I am still working on Spivak calculus and at problem 6 of the third chapter, I came across an exercise that has been confusing me for a couple hours. I understand the solution (well, I understand how I got there but I have no idea what my solution represents). If someone could enlighten me it would be so great.
Question:
If $x_1,....,x_n$ are distinct numbers, find a polynomial function $f_i$ of degree $n-1$ which is 1 at $x_i$ and $0$ at $x_j$ for $j\neq i $.
Solution:
If I understand well, there is only one $x_i$ such that $fi(x) = 1$ (correct me if I'm wrong)
Moreover, for every $x_j$ such that $j \neq i$, the function must be equal to 0.
Therefore, the function should look like $k(x - x_1)(x-x_2)...(x-x_j)$ admitting $i \neq 1$ and $i \neq 2$
So, $f_i(x) = k \prod_{j = 1, j \neq i} ^n (x - x_j)$
And, if I want $f_i(x)$ to be $1$ at $x_i$, then I must fund a $k$ that allows it:
$f(x_i) = 1 = k\prod_{j = 1, j \neq i} ^n (x_i - x_j) \Rightarrow k =( \prod_{j = 1, j \neq i} ^n (x_i - x_j))^-1$
Finally, we find that
$f_i(x) = \prod_{j = 1, j \neq i} ^n \frac{(x - x_j)}{(x_i - x_j)}$
My questions
How does such a function pass many times by $0$ but only once does it equal $1$. I mean I think the other 1 would be for f(complex number) but still. If someone could enlighten me on how this is possible since when I make the graph the function is continue and passes by 1 many times but if I try to find the roots by lowering the function by 1 it says that the only real roots is 1..

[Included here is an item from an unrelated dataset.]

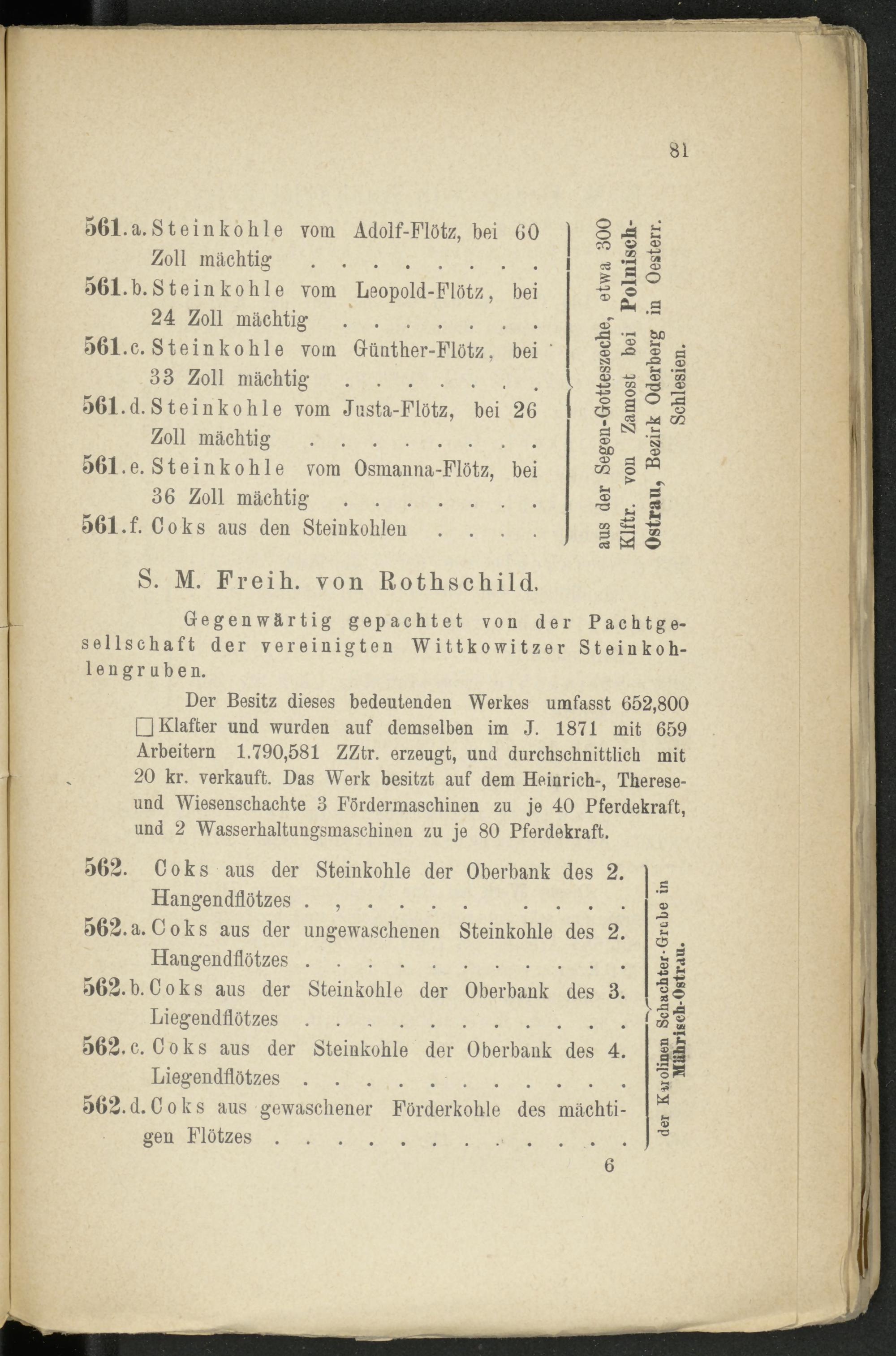 Der Besitz dieses bedeutenden Werkes umfasst 652,800 □ Klafter und wurden auf demselben im J. 1871 mit 659 Arbeitern 1.790,581 ZZtr. erzeugt, und durchschnittlich mit 20 kr. verkauft. Das Werk besitzt auf dem Heinrich-, Therese- und Wiesenschachte 3 Fördermaschinen zu je 40 Pferdekraft, und 2 Wasserhaltungsmaschinen zu je 80 Pferdekraft.

Basically, I'd really like to know what kind of function I just constructed and why does it behave in such a weird way, and if i'm right to assume there is only 1 $x_i$ for which $f_i(x) = 1$
Thank you so much
What Spivak asserts is that, among the numbers $x_1,x_2,\ldots,x_n$, there is one and only one number ($x_i$) at which the function $f_i$ takes the value $1$ and that all other numbers (the $x_j$'s with $j\neq i$) are zeros of $f_i$. He never says that there is no other real (or complex) number $x$ such that $f(x)=1$.